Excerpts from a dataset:
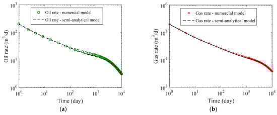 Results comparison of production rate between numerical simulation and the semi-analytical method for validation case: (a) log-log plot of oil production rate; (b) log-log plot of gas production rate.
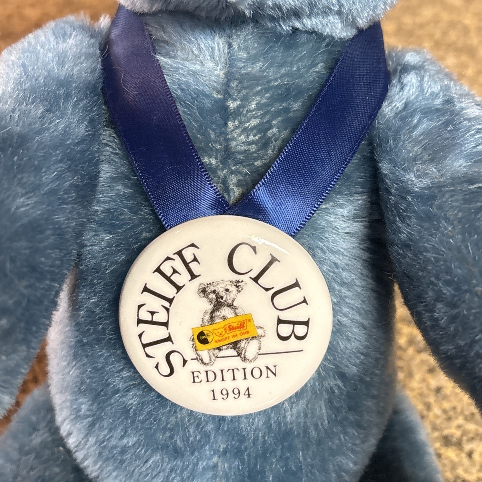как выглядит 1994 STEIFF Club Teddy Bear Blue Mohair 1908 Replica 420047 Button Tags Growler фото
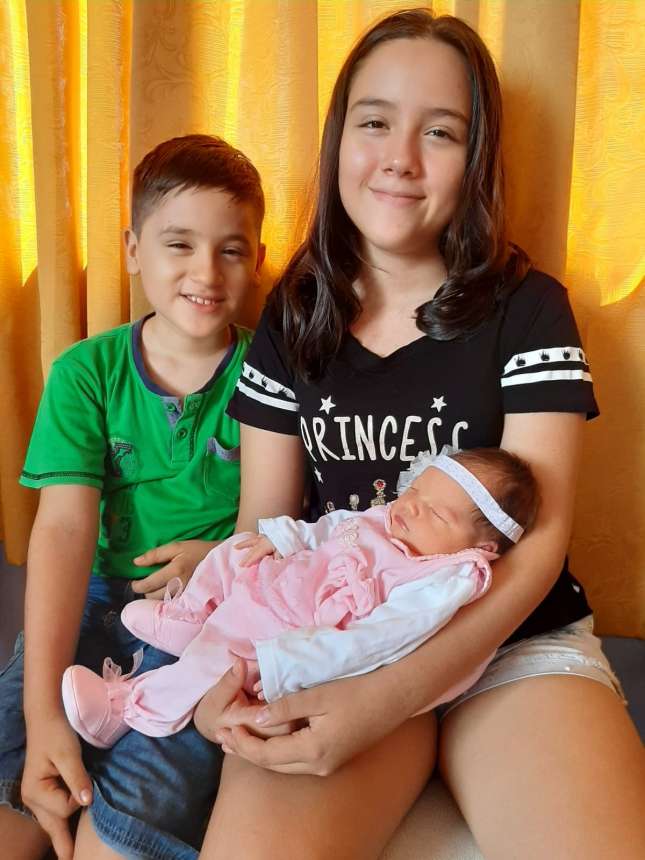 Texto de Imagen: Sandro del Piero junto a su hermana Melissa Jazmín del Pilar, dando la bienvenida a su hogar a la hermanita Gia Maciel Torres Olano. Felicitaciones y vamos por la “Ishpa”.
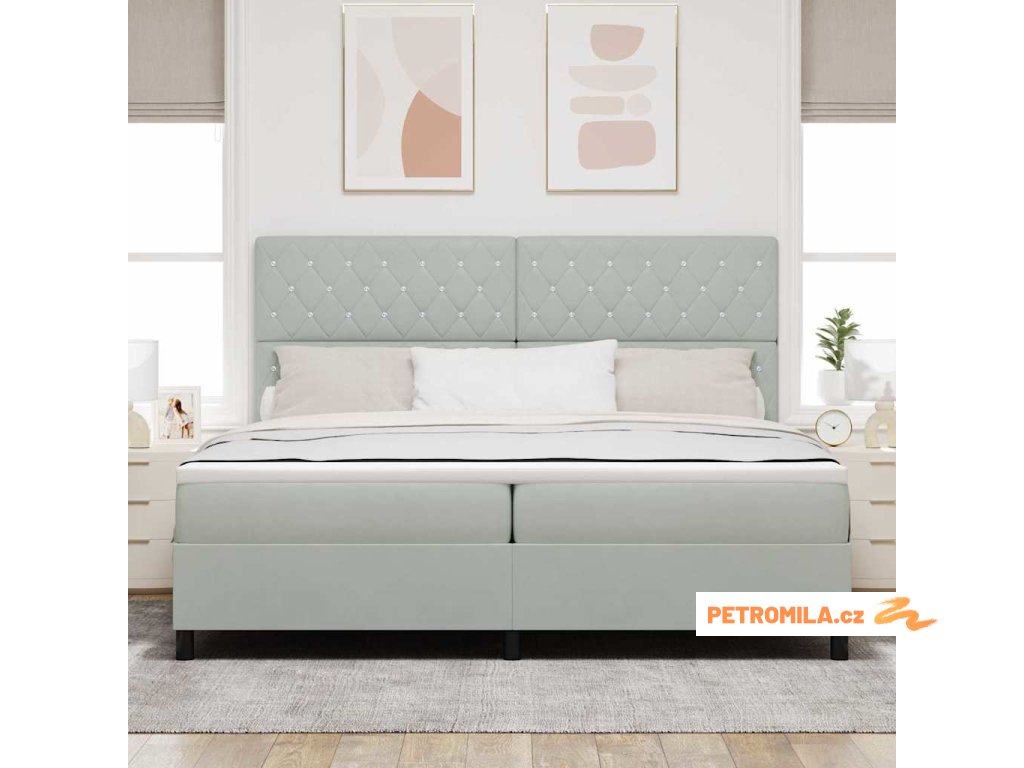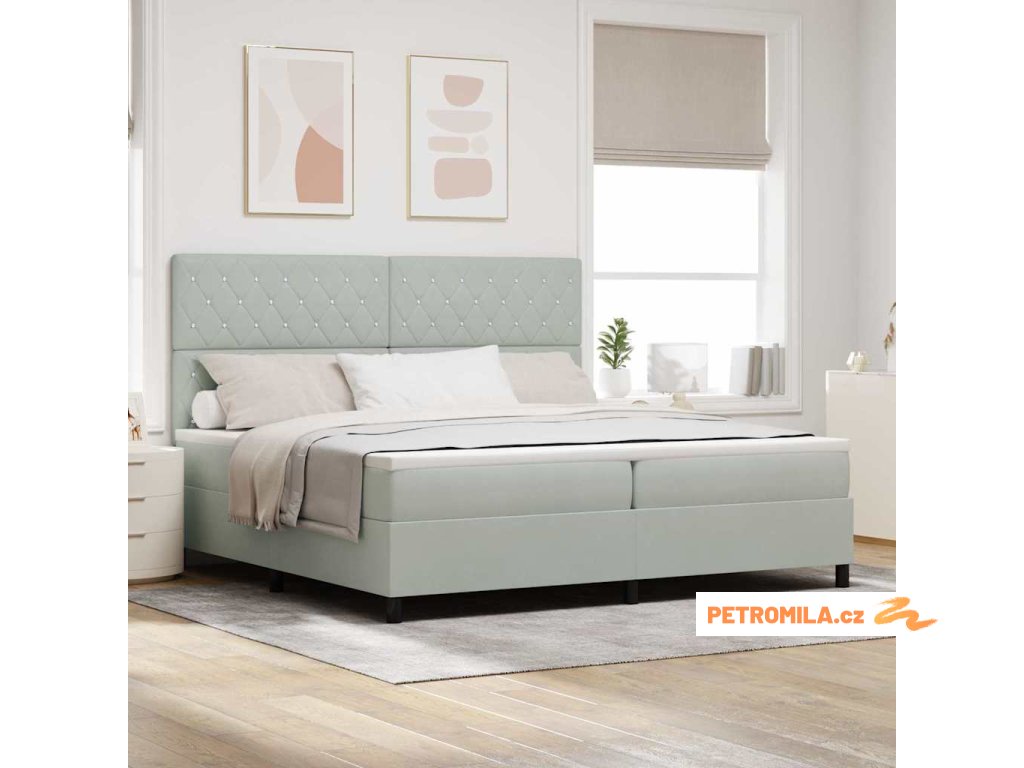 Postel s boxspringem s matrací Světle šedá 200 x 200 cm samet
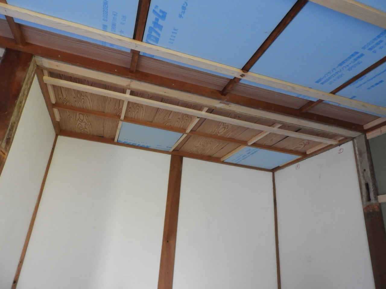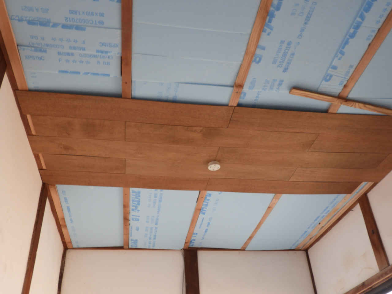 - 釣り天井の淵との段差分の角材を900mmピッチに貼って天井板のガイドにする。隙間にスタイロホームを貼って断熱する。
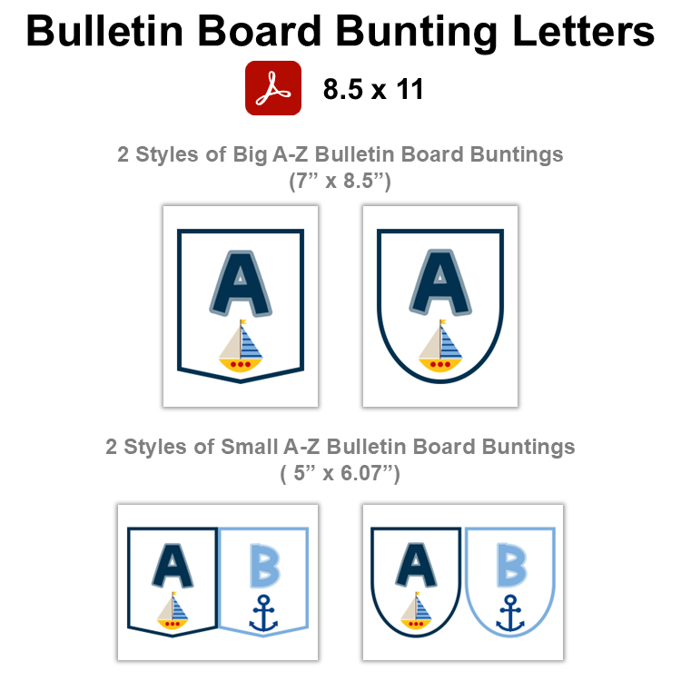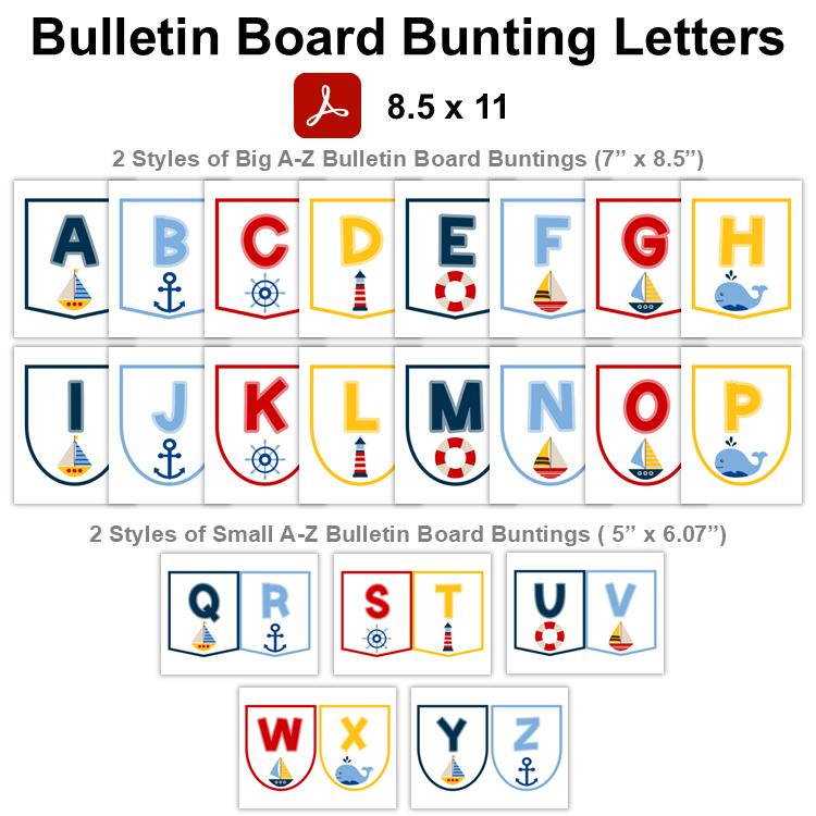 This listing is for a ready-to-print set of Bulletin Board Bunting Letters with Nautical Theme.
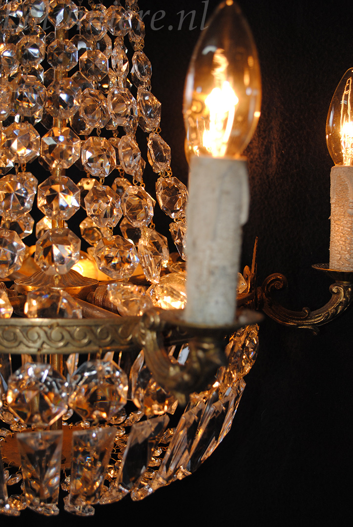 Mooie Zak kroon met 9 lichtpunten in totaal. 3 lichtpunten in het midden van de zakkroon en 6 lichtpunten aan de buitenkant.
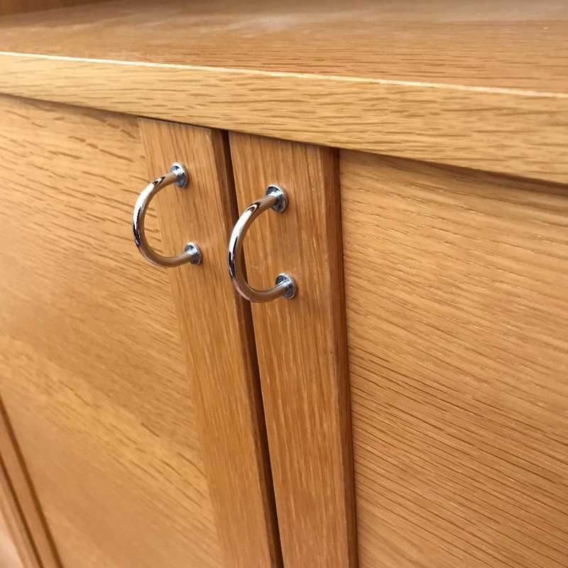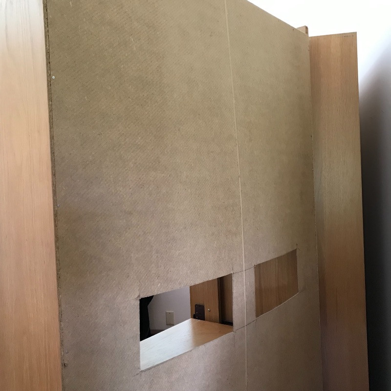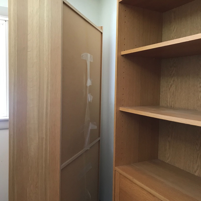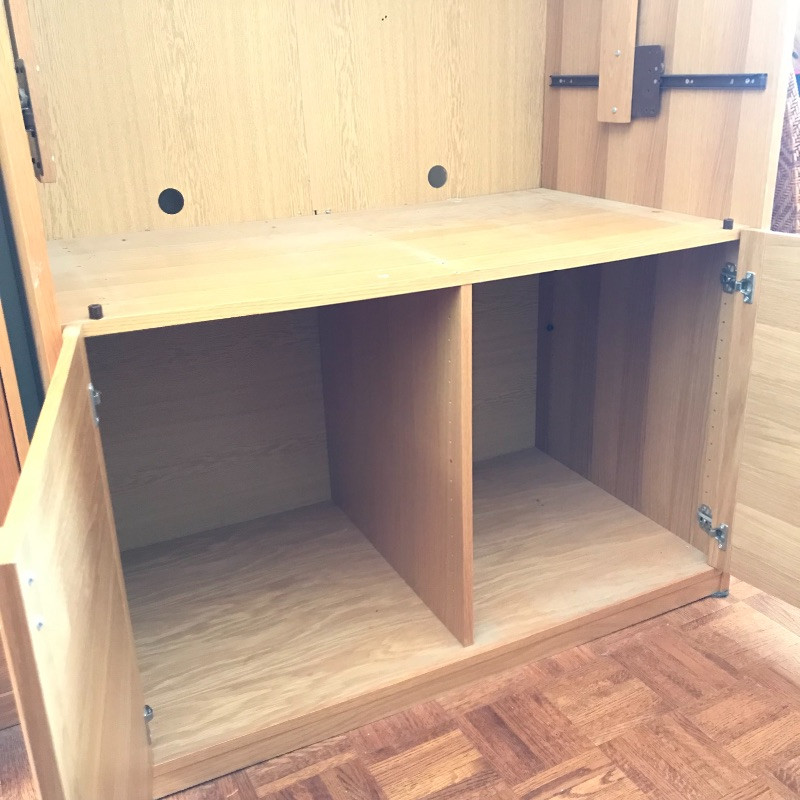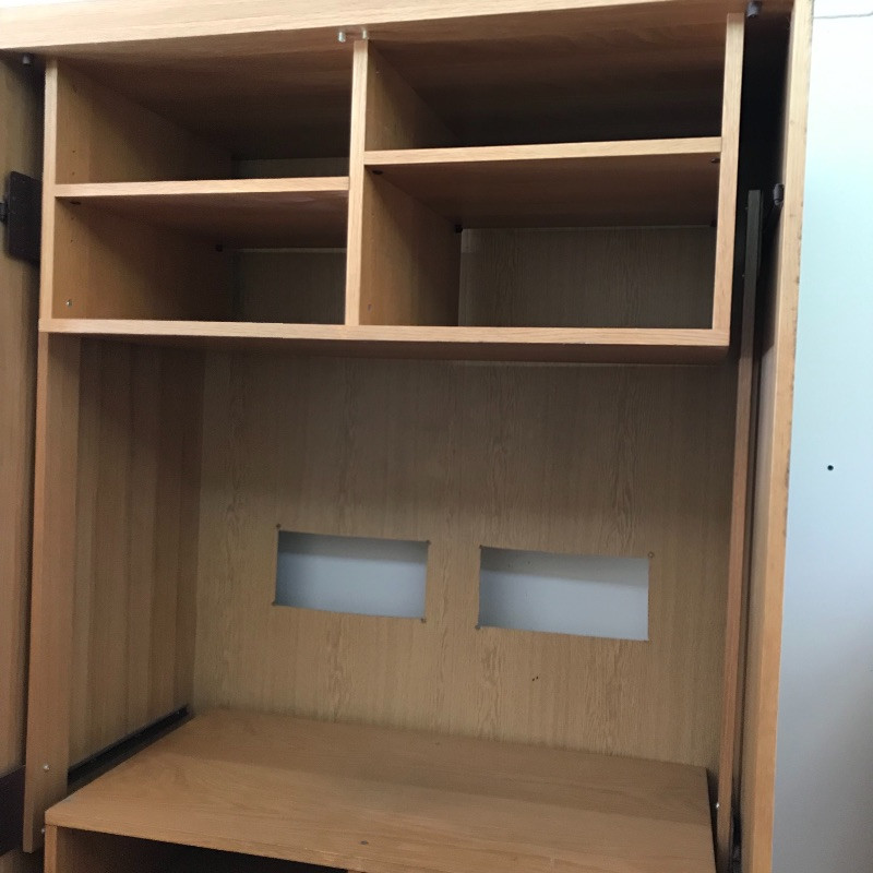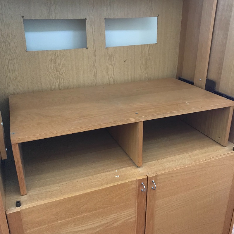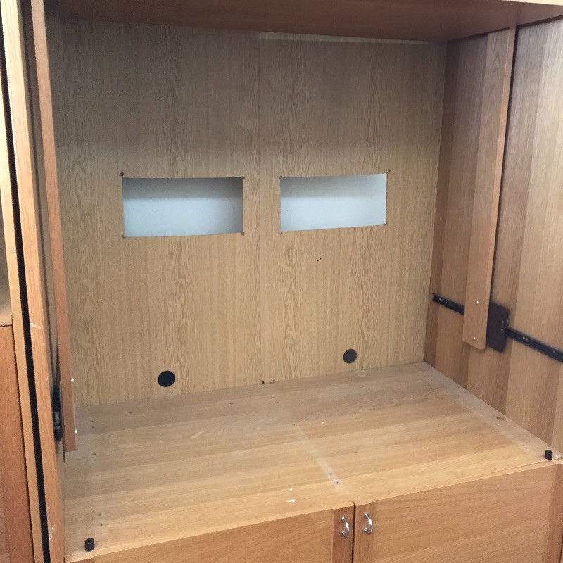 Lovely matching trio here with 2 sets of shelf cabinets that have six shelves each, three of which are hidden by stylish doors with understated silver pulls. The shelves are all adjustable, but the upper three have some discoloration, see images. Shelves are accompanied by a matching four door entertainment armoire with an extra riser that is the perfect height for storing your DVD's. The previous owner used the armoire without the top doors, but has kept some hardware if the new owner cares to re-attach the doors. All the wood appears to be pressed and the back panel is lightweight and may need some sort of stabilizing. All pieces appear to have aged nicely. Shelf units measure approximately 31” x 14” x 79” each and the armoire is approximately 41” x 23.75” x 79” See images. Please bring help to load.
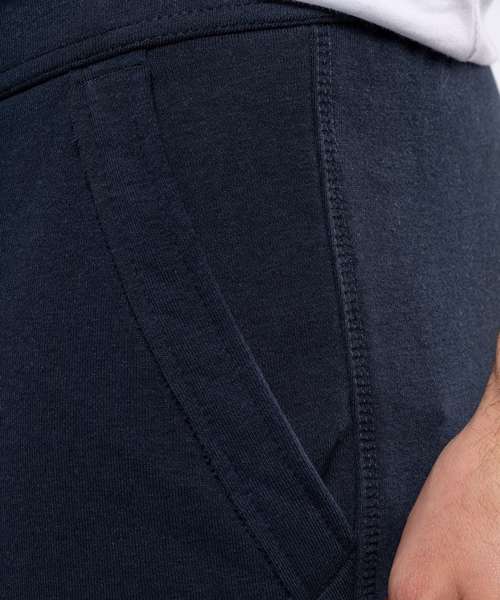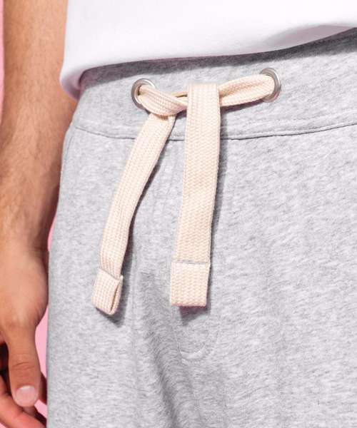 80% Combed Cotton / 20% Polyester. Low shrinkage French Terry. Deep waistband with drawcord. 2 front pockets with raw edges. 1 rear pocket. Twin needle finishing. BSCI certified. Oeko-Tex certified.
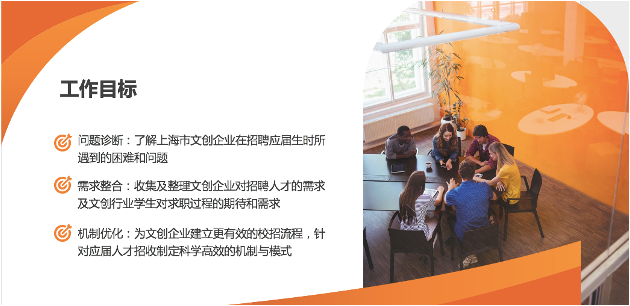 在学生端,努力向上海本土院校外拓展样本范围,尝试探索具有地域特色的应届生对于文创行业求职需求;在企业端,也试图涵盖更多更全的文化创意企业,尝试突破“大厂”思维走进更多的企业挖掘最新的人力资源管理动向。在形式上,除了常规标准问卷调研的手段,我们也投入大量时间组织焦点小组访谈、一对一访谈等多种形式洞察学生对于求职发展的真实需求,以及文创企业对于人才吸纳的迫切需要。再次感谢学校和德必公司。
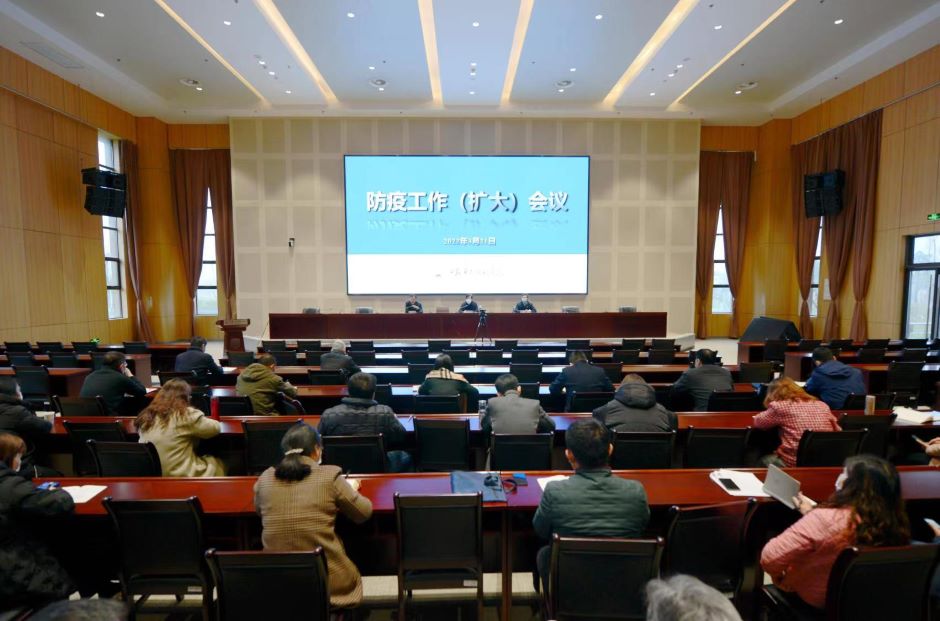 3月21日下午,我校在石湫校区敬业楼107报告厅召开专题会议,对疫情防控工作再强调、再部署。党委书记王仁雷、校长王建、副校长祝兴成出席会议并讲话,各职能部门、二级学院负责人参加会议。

▶ **Task item**: Start at the line containing "Texto de Imagen: Sandro" above and stop at the line containing "- 釣り天井の淵との段差分の". Output those lines exactly, both included, but none of the pictures.

▶ **Answer for the task**:
 Texto de Imagen: Sandro del Piero junto a su hermana Melissa Jazmín del Pilar, dando la bienvenida a su hogar a la hermanita Gia Maciel Torres Olano. Felicitaciones y vamos por la “Ishpa”.
 Postel s boxspringem s matrací Světle šedá 200 x 200 cm samet
 - 釣り天井の淵との段差分の角材を900mmピッチに貼って天井板のガイドにする。隙間にスタイロホームを貼って断熱する。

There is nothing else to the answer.